At this point, I went and yoinked the code from my good pal, Sillycon Valley and his tutorial for running stable diffusion for doing image generation. And then to put my own flavor on the images I tested generating, I started generating some anime pictures. In real-life time, I spent a few hours experimenting with different parameters and memory and speed optimizations.
I also started doing some experimenting with some of the smaller open source chatbot models like Dolly from Databricks.
Serving the model
All it takes to run one of these models is:
import torch
from fastapi import FastAPI
from pydantic import BaseModel
from transformers import pipeline
class Req(BaseModel):
text: str
app = FastAPI()
generate_text = pipeline(model="databricks/dolly-v2-7b", torch_dtype=torch.bfloat16, trust_remote_code=True, device_map="auto")
@app.post("/generate")
async def gen(req: Req):
res = generate_text(req.text)
return {'response': res[0]["generated_text"]}
This is great. Now I can send requests from my dev machine and generate all kinds of stuff with my 3090 and put it to work. But what if I want to expose things to the internet? Or just my projects? Well, I don’t want to have to expose my home network. I don’t want to do any kind of port forwarding from my router, etc. That’s where the magic of tailscale comes in. Tailscale is a vpn service built on top of WireGuard. I installed the tailscale client in the WSL VM and now it’s on my private tailnet.

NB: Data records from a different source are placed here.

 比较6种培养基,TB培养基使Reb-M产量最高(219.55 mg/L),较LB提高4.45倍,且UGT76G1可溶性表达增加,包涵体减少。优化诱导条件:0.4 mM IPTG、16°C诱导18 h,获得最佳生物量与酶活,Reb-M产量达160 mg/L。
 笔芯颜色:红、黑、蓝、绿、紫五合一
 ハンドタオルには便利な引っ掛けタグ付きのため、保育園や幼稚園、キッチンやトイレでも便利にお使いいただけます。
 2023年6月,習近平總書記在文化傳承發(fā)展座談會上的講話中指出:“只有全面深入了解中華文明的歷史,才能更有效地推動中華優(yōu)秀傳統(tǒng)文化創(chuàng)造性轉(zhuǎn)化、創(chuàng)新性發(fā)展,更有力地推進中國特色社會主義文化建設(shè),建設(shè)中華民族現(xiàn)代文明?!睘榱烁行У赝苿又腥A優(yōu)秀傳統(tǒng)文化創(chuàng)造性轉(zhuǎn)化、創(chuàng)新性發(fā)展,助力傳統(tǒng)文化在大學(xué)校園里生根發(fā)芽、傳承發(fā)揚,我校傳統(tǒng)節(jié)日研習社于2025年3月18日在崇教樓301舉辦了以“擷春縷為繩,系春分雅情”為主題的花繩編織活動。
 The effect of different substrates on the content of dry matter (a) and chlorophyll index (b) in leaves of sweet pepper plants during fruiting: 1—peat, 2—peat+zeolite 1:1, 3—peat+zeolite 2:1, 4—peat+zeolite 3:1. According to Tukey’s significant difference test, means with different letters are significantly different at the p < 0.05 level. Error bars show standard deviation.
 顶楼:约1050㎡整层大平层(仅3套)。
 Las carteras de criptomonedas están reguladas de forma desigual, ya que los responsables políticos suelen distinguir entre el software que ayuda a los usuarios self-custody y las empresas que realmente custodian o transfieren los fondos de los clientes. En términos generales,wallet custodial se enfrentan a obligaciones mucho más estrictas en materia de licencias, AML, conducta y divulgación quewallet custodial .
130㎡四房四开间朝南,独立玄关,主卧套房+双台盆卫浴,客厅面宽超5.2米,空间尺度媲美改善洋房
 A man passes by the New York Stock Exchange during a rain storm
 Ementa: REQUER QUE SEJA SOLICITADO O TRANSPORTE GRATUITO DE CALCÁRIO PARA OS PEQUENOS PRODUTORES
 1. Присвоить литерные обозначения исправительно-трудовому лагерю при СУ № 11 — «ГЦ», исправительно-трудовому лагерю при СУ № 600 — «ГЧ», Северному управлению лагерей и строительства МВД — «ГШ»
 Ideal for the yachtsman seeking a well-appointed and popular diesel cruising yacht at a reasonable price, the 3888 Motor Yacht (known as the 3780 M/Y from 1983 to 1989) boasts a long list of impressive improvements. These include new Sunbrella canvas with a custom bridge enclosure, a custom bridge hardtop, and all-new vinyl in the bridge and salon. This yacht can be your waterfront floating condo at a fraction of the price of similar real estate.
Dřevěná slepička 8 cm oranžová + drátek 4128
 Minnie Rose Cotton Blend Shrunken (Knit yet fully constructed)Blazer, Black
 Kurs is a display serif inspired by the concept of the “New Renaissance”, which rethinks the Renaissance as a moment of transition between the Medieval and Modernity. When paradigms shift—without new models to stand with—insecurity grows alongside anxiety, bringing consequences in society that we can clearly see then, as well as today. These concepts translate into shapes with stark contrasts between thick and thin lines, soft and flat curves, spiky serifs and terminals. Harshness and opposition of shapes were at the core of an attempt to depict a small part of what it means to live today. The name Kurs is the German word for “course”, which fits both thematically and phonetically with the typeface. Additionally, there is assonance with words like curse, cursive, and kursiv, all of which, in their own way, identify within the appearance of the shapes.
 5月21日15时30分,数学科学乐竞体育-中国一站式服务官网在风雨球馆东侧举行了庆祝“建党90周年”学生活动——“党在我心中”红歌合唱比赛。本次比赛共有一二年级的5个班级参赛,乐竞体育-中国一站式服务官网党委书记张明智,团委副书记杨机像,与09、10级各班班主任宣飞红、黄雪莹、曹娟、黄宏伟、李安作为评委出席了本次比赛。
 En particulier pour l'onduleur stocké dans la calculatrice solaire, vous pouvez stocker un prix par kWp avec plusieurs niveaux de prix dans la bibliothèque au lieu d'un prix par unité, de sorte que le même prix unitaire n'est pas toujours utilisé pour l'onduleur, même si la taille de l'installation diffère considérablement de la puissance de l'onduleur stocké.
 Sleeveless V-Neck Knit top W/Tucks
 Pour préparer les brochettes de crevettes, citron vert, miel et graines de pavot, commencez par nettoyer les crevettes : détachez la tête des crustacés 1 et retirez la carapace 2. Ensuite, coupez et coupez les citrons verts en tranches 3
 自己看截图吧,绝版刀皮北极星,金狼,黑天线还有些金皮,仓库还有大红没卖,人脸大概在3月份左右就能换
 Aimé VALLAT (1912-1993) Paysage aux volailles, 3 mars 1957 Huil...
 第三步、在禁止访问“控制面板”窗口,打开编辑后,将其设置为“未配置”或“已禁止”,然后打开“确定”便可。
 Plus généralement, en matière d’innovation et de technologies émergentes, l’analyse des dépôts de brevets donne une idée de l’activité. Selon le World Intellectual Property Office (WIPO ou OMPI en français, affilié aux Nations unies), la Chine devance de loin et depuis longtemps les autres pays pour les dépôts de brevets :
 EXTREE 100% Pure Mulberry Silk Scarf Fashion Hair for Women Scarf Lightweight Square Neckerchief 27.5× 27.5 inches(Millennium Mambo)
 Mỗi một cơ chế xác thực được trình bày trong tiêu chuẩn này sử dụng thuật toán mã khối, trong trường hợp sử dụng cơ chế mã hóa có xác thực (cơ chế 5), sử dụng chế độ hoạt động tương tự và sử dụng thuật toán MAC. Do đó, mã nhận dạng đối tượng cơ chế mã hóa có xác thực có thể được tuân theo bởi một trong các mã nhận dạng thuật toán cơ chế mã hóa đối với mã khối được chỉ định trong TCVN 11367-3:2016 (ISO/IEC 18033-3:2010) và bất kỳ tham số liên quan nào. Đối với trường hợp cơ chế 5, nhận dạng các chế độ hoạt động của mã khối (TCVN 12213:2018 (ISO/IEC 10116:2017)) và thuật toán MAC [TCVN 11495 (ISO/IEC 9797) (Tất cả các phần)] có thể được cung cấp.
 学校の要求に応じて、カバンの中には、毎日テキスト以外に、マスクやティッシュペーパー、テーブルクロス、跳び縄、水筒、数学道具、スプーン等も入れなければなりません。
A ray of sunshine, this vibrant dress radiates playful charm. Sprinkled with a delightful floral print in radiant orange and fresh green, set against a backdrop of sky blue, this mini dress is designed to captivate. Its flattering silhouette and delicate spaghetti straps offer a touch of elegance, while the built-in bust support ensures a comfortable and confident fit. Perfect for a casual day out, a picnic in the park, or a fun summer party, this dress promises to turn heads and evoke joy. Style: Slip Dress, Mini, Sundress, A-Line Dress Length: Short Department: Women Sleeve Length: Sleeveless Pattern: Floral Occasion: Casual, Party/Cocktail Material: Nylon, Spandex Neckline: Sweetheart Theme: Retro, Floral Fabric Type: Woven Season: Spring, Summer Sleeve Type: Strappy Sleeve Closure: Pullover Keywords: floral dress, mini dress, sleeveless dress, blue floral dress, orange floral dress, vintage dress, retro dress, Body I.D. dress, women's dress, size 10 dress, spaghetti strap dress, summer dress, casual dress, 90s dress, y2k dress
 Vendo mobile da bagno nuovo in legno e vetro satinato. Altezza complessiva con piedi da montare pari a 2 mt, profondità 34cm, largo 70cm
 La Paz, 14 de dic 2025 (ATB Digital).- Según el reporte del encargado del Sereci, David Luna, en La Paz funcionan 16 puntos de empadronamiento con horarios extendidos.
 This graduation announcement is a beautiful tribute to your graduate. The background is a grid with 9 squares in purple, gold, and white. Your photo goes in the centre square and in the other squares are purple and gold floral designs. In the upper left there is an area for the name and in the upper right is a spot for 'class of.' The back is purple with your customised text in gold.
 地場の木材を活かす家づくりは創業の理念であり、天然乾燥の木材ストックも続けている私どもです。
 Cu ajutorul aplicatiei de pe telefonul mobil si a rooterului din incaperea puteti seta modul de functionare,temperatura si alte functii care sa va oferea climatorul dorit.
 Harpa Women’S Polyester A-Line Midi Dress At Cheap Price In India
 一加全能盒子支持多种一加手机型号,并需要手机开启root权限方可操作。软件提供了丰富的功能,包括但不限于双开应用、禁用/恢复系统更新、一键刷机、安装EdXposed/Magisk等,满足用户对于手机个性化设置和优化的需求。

Next I had to figure out how to get a tailscale client into my Kubernetes applications, so that I could have my projects access the GPU all privately and securely. Tailscale themselves have some documentation for this. All I had to do was create and set an auth token and then add the tailscale image as a sidecar container.
It actually worked perfectly without any problems at all. I could instantly send requests to my HTTP server from containers in my cluster. Perhaps the craziest part for me is that latency from us-west-2, Oregon, to my computer here in Colorado was only about 80 milliseconds. The internet is amazing.
Wrapping up
I did discover that auth tokens in Tailscale have a max life of 90 days. And there’s no API for renewing them programmatically. I’d have to replace the token manually every 90 days unless I find a way to automate that through my browser or something.
Regardless, now I have image generation and text generation with some limited capability available to my experiments, all for a fraction of the price of having to pay a provider for every request. Since the open source, single computer models aren’t as capable, I might not change any projects, but maybe I will. Who knows!
Thanks for reading. See ya’ll in the next one.